# 300 mA parasitic draw



## de-nagorg (Feb 23, 2014)

Digital clock in the stereo system.

Been there seen that.


ED


----------



## Oso954 (Jun 23, 2012)

For vehicles of your era, 25ma is often considered typical. At 300ma, you should chase it.

Newer vehicles, especially in with luxury equipment/trim levels, can be around 85ma.


----------



## Bigplanz (Apr 10, 2009)

I am pretty sure a reading of 0.30 amps on a 10 amp scale is 300 mA not 30mA. Someone please correct me if I am mistaken.


----------



## 47_47 (Sep 11, 2007)

Bigplanz said:


> I am pretty sure a reading of 0.30 amps on a 10 amp scale is 300 mA not 30mA. Someone please correct me if I am mistaken.


Couldn't tell where your meter leads were plugged into meter, but from display, I get 300 mA.

Were all doors closed and key out of ignition?


----------



## de-nagorg (Feb 23, 2014)

Another thought: Many higher end vehicles have a light under the hood that activates when it is raised, to illuminate it if needed after dark.

Might your navigator have a hood light, and it was drawing the power?

On my explorer there is a little RED light on the dash that blinks all night long when it is locked, to tell anyone that the security system is armed , so don't mess with me.

This might be on your Navigator also.


ED


----------



## Bigplanz (Apr 10, 2009)

Black lead was connected to COM, red lead to "10A" connector.
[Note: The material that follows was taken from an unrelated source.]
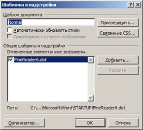 2. Выберите команду Шаблоны и надстройки из меню Сервис. На экране появится диалоговое окно Шаблоны и надстройки (рис.6)
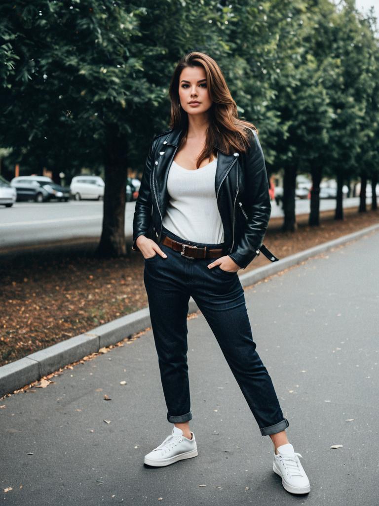 Stylish pants woman costume, 1girl, solo, pants, jacket, brown hair, hands in pockets, long hair, belt, sneakers, breasts, realistic, black jacket, black pants, outdoors, shoes, denim, full body, shirt, medium breasts, white footwear, open jacket, day, cleavage, leather jacket, standing

The key was off, the doors shut and the hood light bulb pulled out of the socket.

300mA is a pretty stiff draw. I am surprised that it hasn't drained the battery more. I drive the car everyday, so that may have something to do with it.

One thing I have noticed is that the alternator charging voltages have been higher that previously. I routinely get between 14 and 14.5V charging at idle readings with the new battery. With the old battery, I would get 13.5 to 14V readings at idle. The heavy deposits on the battery terminals are pretty indicative that it was also venting hydrogen.


----------



## fase4 (Jan 4, 2018)

IMHO I would toss it out that meter! 300mA should be 300mA no matter what's scale is selected. So if it reads .30A then the meter reads 300mA (that's correct), and when you switch to 200mA scale the current draw may be still 300mA! The meter, in this case, should read overrange because it can sense only up to 200mA. Same still applies in the 20mA scale; where the meter reads 3mA in the 200mA scale and then reads .3mA or 300uA in the 20mA scale. This is imposible...

So get another meter and do the test again and then we'll see the results. Cheers!


----------



## Bigplanz (Apr 10, 2009)

That was the result operator error. There is one jack for 10 amp DC, and another jack mAmp settings. I changed the scale to mAmps but did't move the test lead. Oops!


----------



## Bigplanz (Apr 10, 2009)

Tested the fuses in the junction box. Hardest part was getting the box cover off.


----------



## 47_47 (Sep 11, 2007)

key needs to be out of ignition cylinder


----------